不動産大手が加盟する不動産協会は、千代田区が要請した新築マンションの「引渡し後5年間の転売禁止」特約について、「実効性に欠ける」との見解を示しました。一方で、短期の投機的転売(フリップ)を抑えるための対策は検討していく方針です。これは、価格高止まりが続くなか(東京23区の新築平均価格は依然高水準)、実需保護と私的財産権・契約実務のせめぎ合いを映す動きと言えます。ここでは、一般消費者の目線でこのニュースの意味と不動産市場への影響、そして契約時に確認すべきポイントを、不動産鑑定士の立場から分かりやすく解説します。
出典:日本経済新聞「マンション転売禁止特約、不動産協会『実効性欠ける』 対策は検討」(2025年9月19日)
1. 何が起きたのか:要点の整理
千代田区は、市街地再開発で販売される新築マンションに対し、引渡しから原則5年間の転売禁止条項を導入するよう業界に要請しました。

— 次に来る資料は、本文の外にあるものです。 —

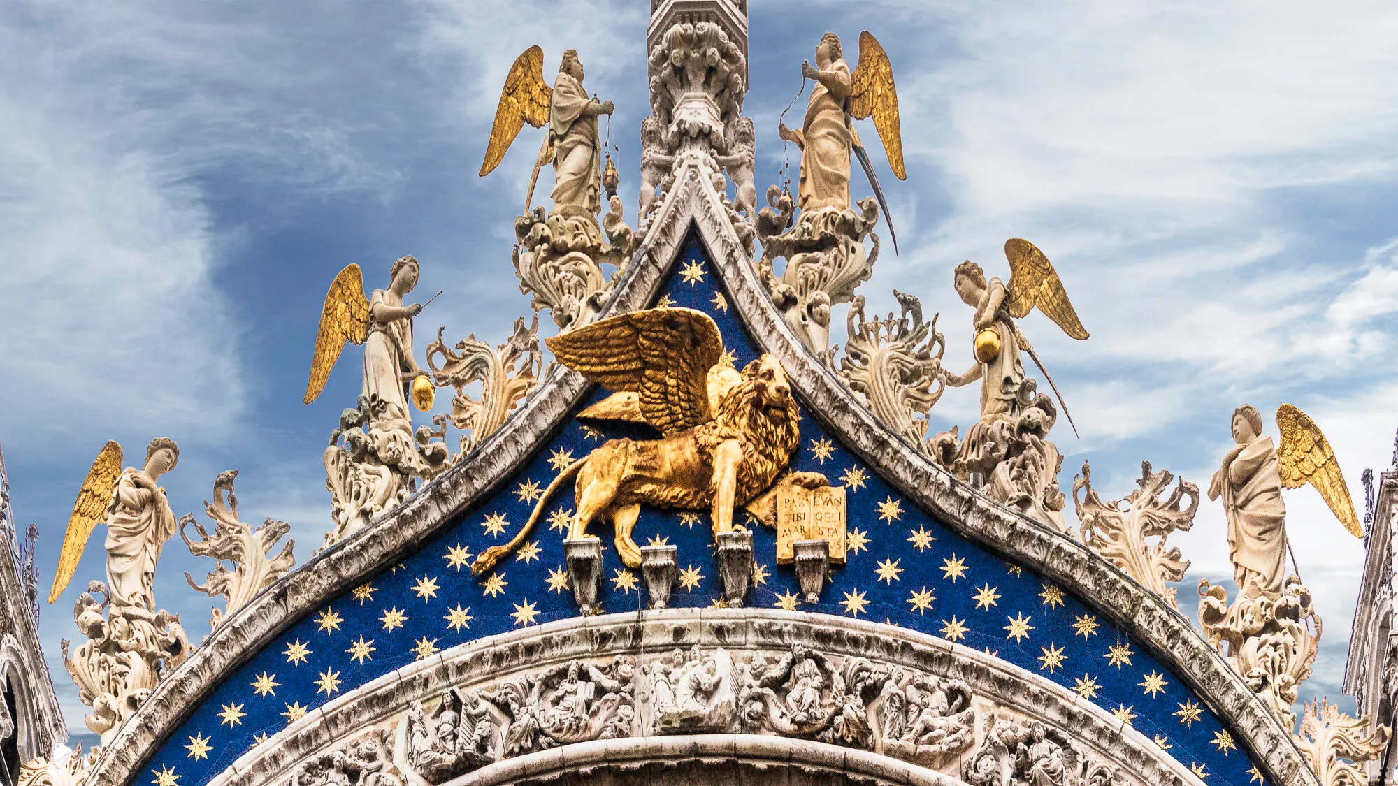 날개 달린 사자가 베니스를 대표하는 상징물이 된 근거는 성경에 있습니다. 기독교 초기 복음서 네 권의 저자와 성경에 나오는 네 가지 동물은 한 쌍을 이루고 있는데, 예수님의 제자 중 한 명인 마르코(영어로 Mark, 한국에서는 마가라고도 합니다)의 수호 신물이 바로 날개 달린 사자입니다. 기원 후 68년, 마르코는 이집트의 알렉산드리아에서 전도 활동을 하다가 순교했고, 수백 년이 지난 9세기경 베니스의 상인 두 명이 당시 무슬림의 지배하에 있던 알렉산드리아에서 마르코의 유골을 베니스로 훔쳐왔죠.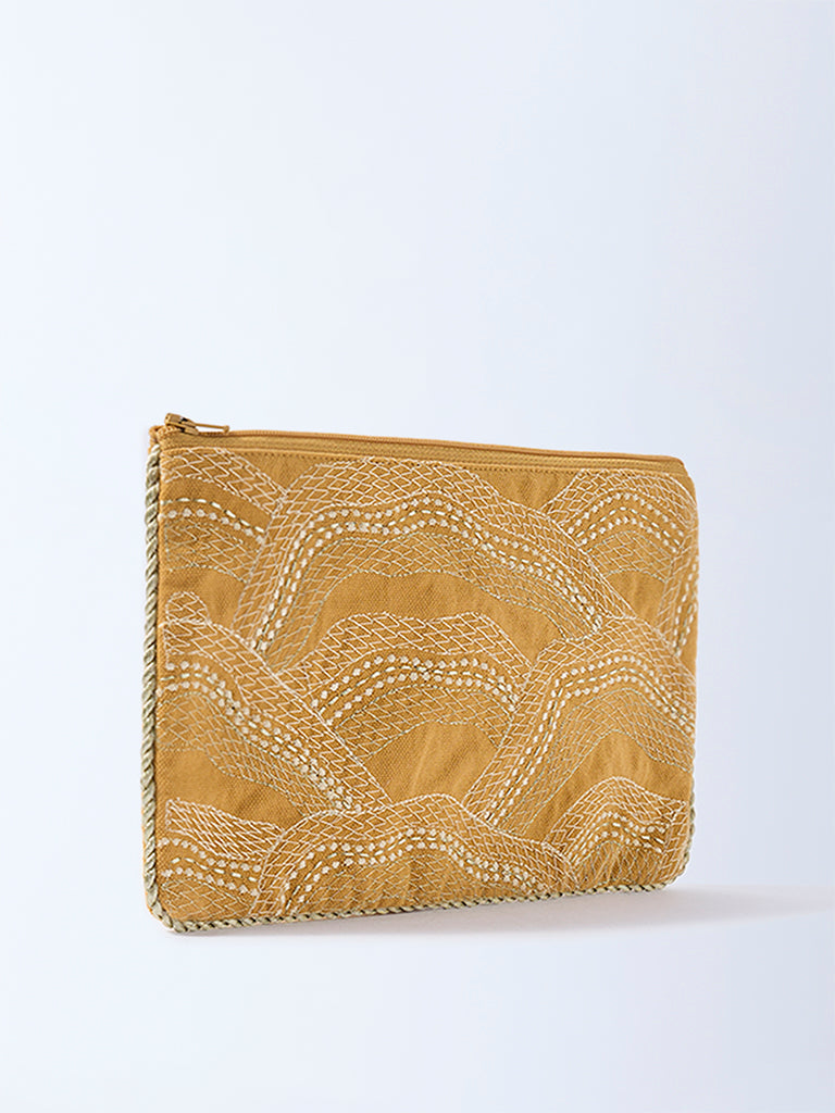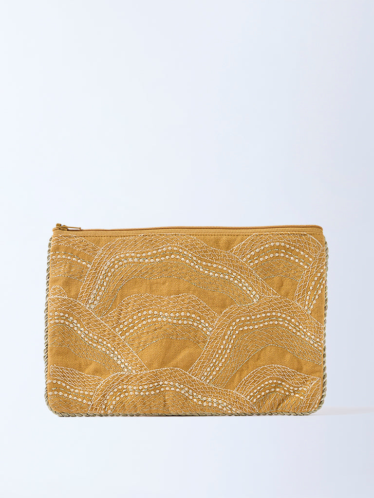 Westside Home Mustard Zari Shell Embroidered Pouch

狙いは、抽選当選→即転売のような短期フリップを抑え、実需層に住戸を回すことです。これに対し不動産協会は「引渡し前までなら対応可能だが、引渡し後の転売を契約で止める実効的手段は事業者に乏しい」「私的財産の処分に関わる権利制限には慎重」と表明。そのうえで、短期転売の抑制策は検討する方針を示しました。
2. なぜ「実効性に欠ける」のか:契約と権利の現実
法規制ではなく「契約特約」で転売を抑える場合、実効性は履行確保手段に左右されます。引渡し前なら、事業者は契約解除や名義変更不承認などの手段を取り得ますが、引渡し後は所有権が買主に移転するため、売主側には転売行為を直接止める法的・実務的な権限が限られます。違約金条項を設けても、立証・回収・訴訟コストのハードルが高く、複数回の再売買や第三者関与が絡むと追跡はさらに困難です。結果、「特約で市場行動を全面的にコントロールする」のは難しい、というのが業界の率直な実務感覚です。
3. それでも「短期転売抑制」を検討する理由
価格高騰と抽選倍率の上昇で、実需の買いづらさが増すなか、実需保護のメッセージは重要です。不動産協会は、国交省が登記情報などで把握する海外在住所有者の実態などのデータも参考にしつつ、より現実的な抑制策の検討を進めるとしています。これは、強制力の弱い「全面的転売禁止」よりも、抽選の厳格化、名義変更の制限、引渡し前の転売(いわゆる“名義差し替え”)の禁止、再販売時の情報連携など、実務で回せるルールを積み上げる方向に舵を切る可能性が高いことを示唆します。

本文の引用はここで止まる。